The Sister(11)
Over the years, he gradually weaved an insular blanket to throw over the intrusive thoughts and fears that plagued him. He hadn’t removed the root causes, but he’d never consciously allow them to trouble him again.
Chapter 9
Southern Ireland 1969
Brenda Flynn was Vera’s aunt; once considered the life and soul of parties. She was always telling jokes and many a stranger ended up with sore ribs after she’d elbowed them hard on delivering the punch line. While they doubled up in pain, her raucous laughter infected everyone around to join in, none more so than her previous victims.
Life changed dramatically in 1969 with the death of her husband in a farmyard accident. One cold morning, he started the engine and left it to heat up, then reaching back in to pull something off the front seat, he snagged the gear lever; the tractor started forward with him half in and half out. She saw it as she ran out to take him the sandwiches he’d left behind on the kitchen table. He lost his footing trying to get back into the cab and fell under the back wheel. Widowed and childless, part of her died that day, too.
She became embittered and sour.
A few weeks later, her brother and his entire family burned to death when their home caught fire. All perished apart from Vera. Alerted by the flames, villagers found her wandering, aimless, outside the house. The fire brigade pinpointed the upstairs landing as the origin of the fire. They always left a candle burning there because of Vera’s sleepwalking, in case she couldn’t see and fell downstairs.
With no family to look after her, she faced the orphanage. Fortunately, her aunt would not allow that as Ireland in those days was no place for a child to grow up in a Catholic institution.
Her niece was only thirteen, but Brenda never knew what she was getting herself in to. Something played on the child’s mind; whatever it was, it wouldn’t let her rest. One night, despite what they say about never waking a sleepwalker, Brenda did just that, questioning Vera about the fire while she was in her somnambulant state.
‘Is that how the fire started, when you were on your wanderings?’
She did not appear to wake fully. ‘No, it was the dog, chasing a rat. It knocked the candle over at the top of the stairs. When I saw what happened, I was on the beach, too far away to get back to warn them.’
The older woman stared in disbelief, and wondered if the child before her was truly awake.
In her mind’s eye, Vera saw it all again, the way the fire caught quickly, the draught funnelling through the stairwell fanning the flames, the melted wax turning it into an inferno. The next thing she knew she was outside in her nightie, warmed by the heat of the fire.
She didn’t tell her aunt she’d warned her mother about the fire three nights before. She didn’t tell her because she was a child who'd not yet made sense of it all, who was afraid she’d frighten her and because she’d known it would happen in advance and didn’t do enough to prevent it from happening. There was something else, too, that she didn’t tell. While she was on the beach that night, she’d projected herself into her parent’s bedroom to warn them. Her ma sat astride pa, riding him. Her father had seen her, but believing her to be sleepwalking, whispered, so as not to wake her, ‘I don’t want disturbing taking what little pleasures there are to be had in this life. From now on, I’m locking that door.’

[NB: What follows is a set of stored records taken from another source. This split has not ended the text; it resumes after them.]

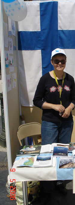 ![]() Local museum of Ruokolahti in Southern Carelia region | ![]() Day of Europe, Aristoteles square of Thessaloniki, 2006 | ![]() Volunteer in Gymnaestrada (International Gymnastics event), Helsinki, 2015 |
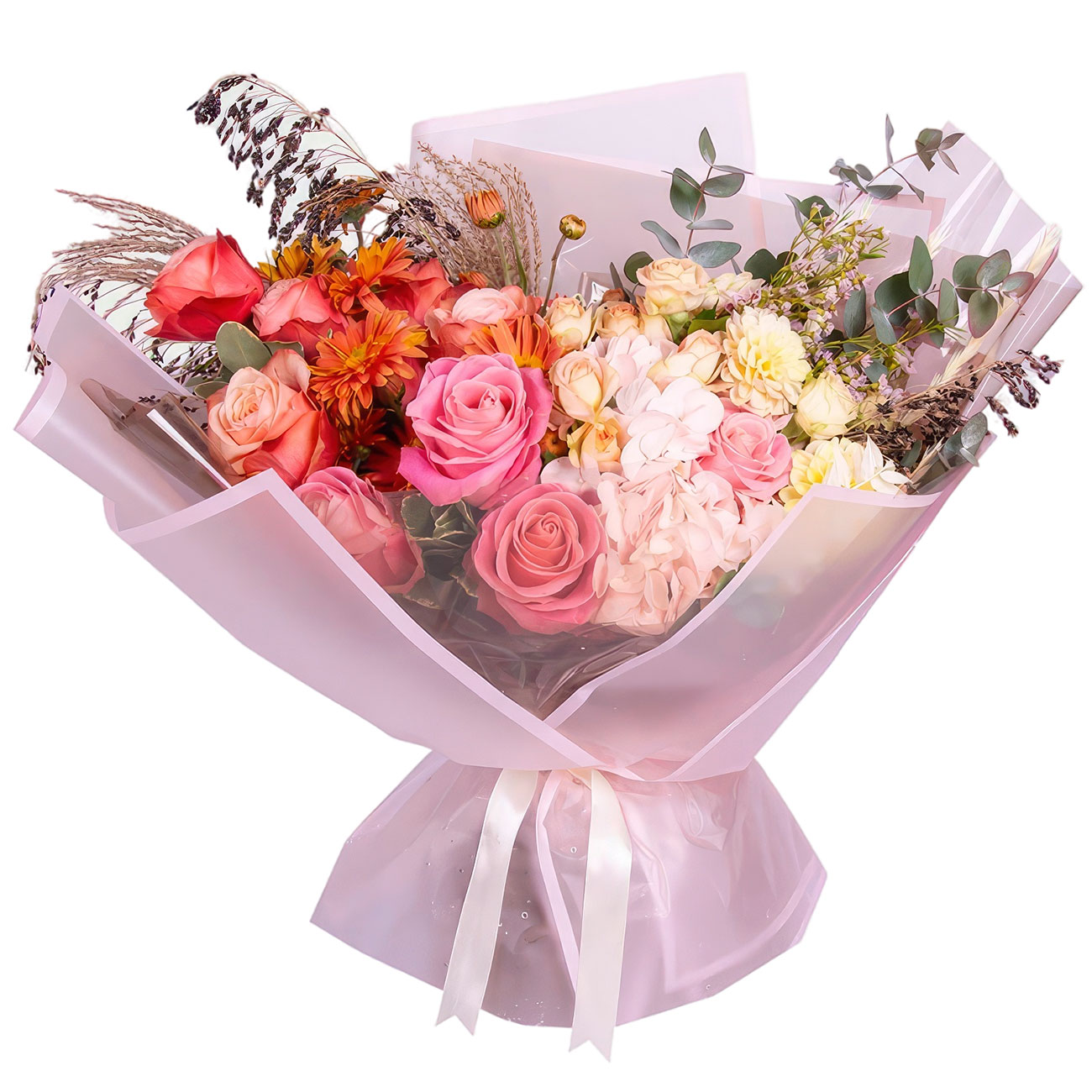 Гортензия нежно-розовая, георгина кремовая, роза одноголовая розовая и персиковая, роза кустовая кремовая, хризантема кустовая оранжевая, хамелеон, эвкалипт, зелень, экзотические сухоцветы. Упаковка (лента, пленка, крафт, сетка, пленка матовая)
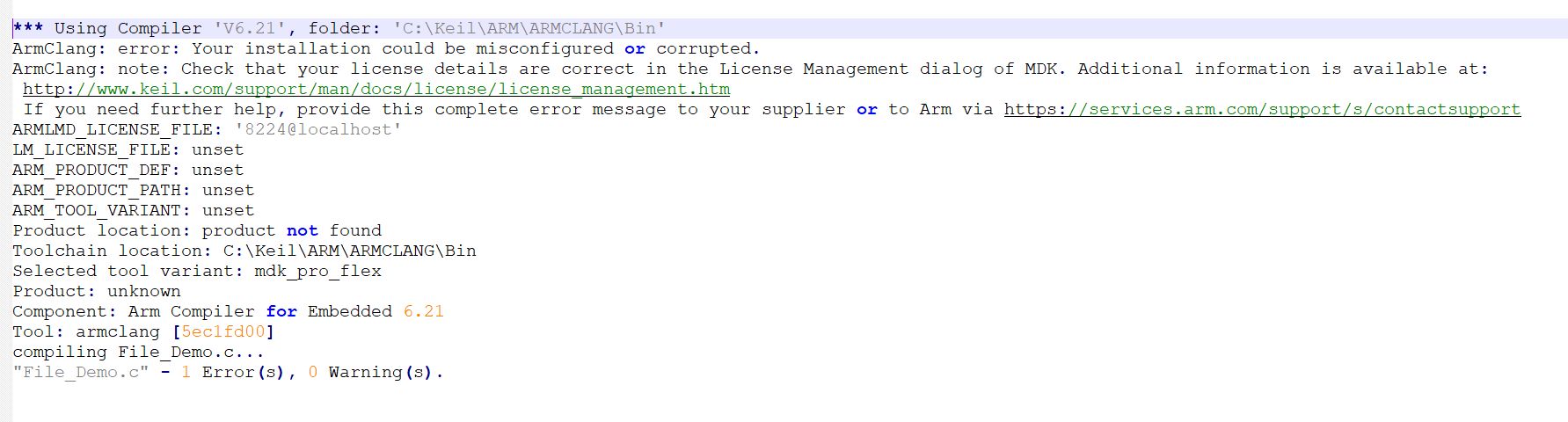 在使用MDK的時候,出現彈窗提示“Warning: Registered ARM Compiler ignored, Version needs to be 5 or higher. Path: 'ARMCLANG'”的警告信息(如圖2-1),然后,構建工程的時候也出現了報錯,報錯信息如下(如圖2-2和代碼塊):
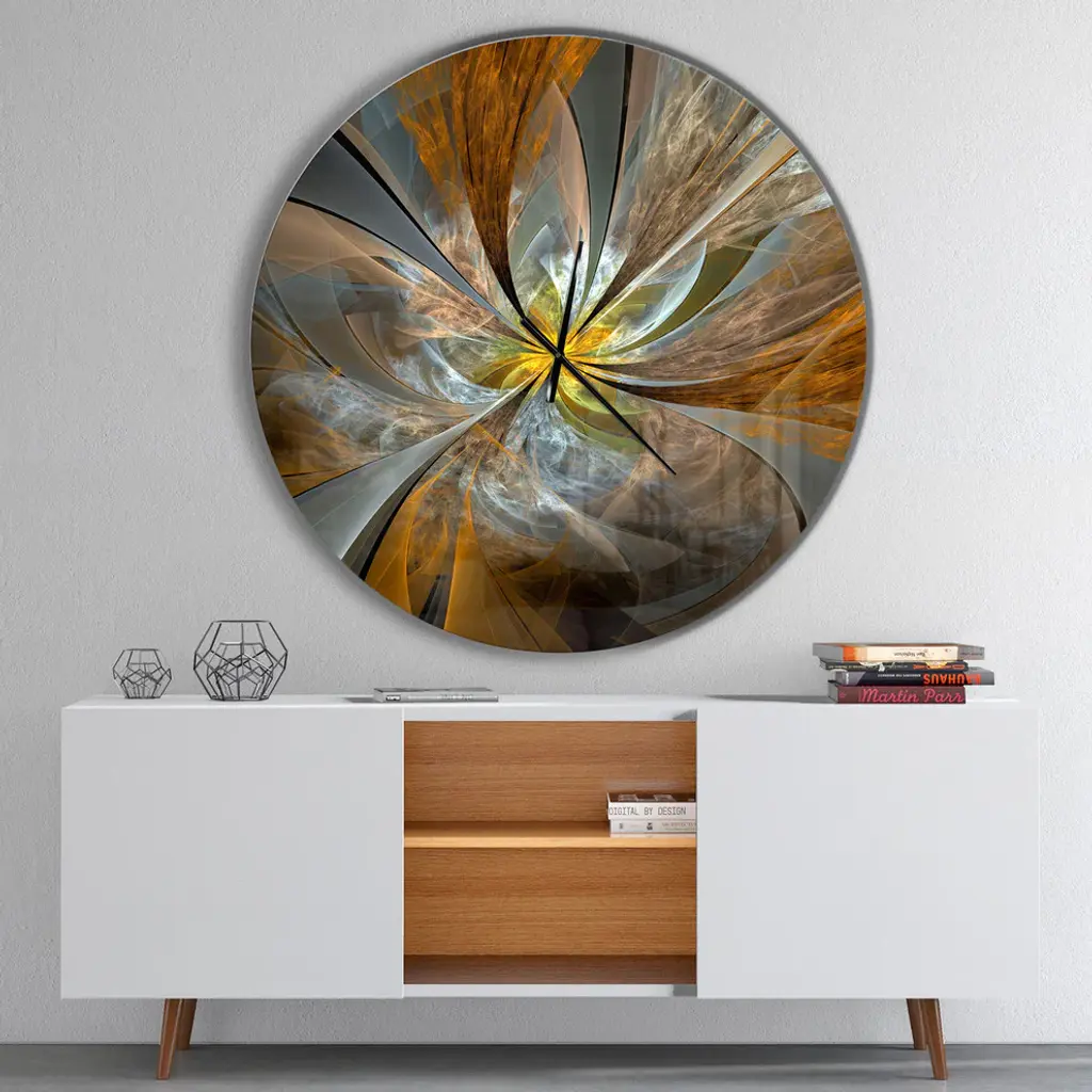 A beautiful addition to any home or office, this Modern & Contemporary round wall clock is made on 100% solid aluminum. It has a highly reflective glossy finish creating a sleek modern look. This Symmetrical Yellow Fractal Flower wall clock arrives completely ready to hang on the wall. Simply insert the "AA" battery included with your order.Available in several size, this Modern Oversized Clock makes it the focal point of any room.Features - Ultra Gloss Coating ensures colors are extra vibrant with light reflection. - 1mm Aluminum grade sheet metal. - 1-inch mounting frame gives the illusion of artwork floating on the wall. - Mounting brackets and instructions are included. - High quality digital images are created directly into a glossy aluminum panel, producing a stunning and captivating print in the glossy finish of the metal. - Looks better than any photo paper and guaranteed to last at least 20 years. - Easy to clean with a microfiber cloth. - "AA" battery included with your order. - Easy to hang.See Options drop down for available sizes.

‘Wait,’ her mother said, raising herself off him. She’d seen Vera, too. ‘There’s something wrong. What is she doing here? Why is she pulling that face?’
‘She’s only sleepwalking again, don’t worry love. Get back into bed and be quiet, and then she’ll go away.’ Vera looked sad. She knew she should have tried to wake the others first. It was already too late as her projection left the room.
One minute she’d been there, the next she was gone. They didn’t question it until they heard the screaming. Her pa never noticed the heat of the door handle as he opened the door. A massive fireball engulfed them. It was only afterwards that she realised she couldn’t directly interfere with what fate had planned.
Finally, Vera spoke. ‘I tried to wake them.’
Her aunt berated her, ‘You stupid, stupid child, you should have tried harder! What you did not do killed your parents.’ She couldn’t believe her own words as they tumbled out of her mouth. What she’d have given to call them back unheard; but it was too late.
It started a chain reaction. Vera retaliated by telling her she’d killed her own husband.
Stunned into silence, Brenda reacted with undisguised venom. ‘What did you just say?’
Vera was afraid of her anger.
‘What did you just SAY?’ she shouted; the veins in her neck stood out, and her piggy eyes bulged almost out of their sockets.
Vera looked down; she spoke quietly. Brenda leaned in to hear her better.
‘The last time you were in the tractor, you left your jacket on the front seat. Uncle Tommy started the engine to warm her and jumped down. Seeing it there, and not wanting you to feel the cold, he reached back in and pulled it across the seat. As it came, it snagged the gear lever; he wasn’t really looking. He felt it catch, and he tugged it harder. It slipped into gear. You know the rest.’
Now she knew how it had happened as seen through the eyes of the child before her.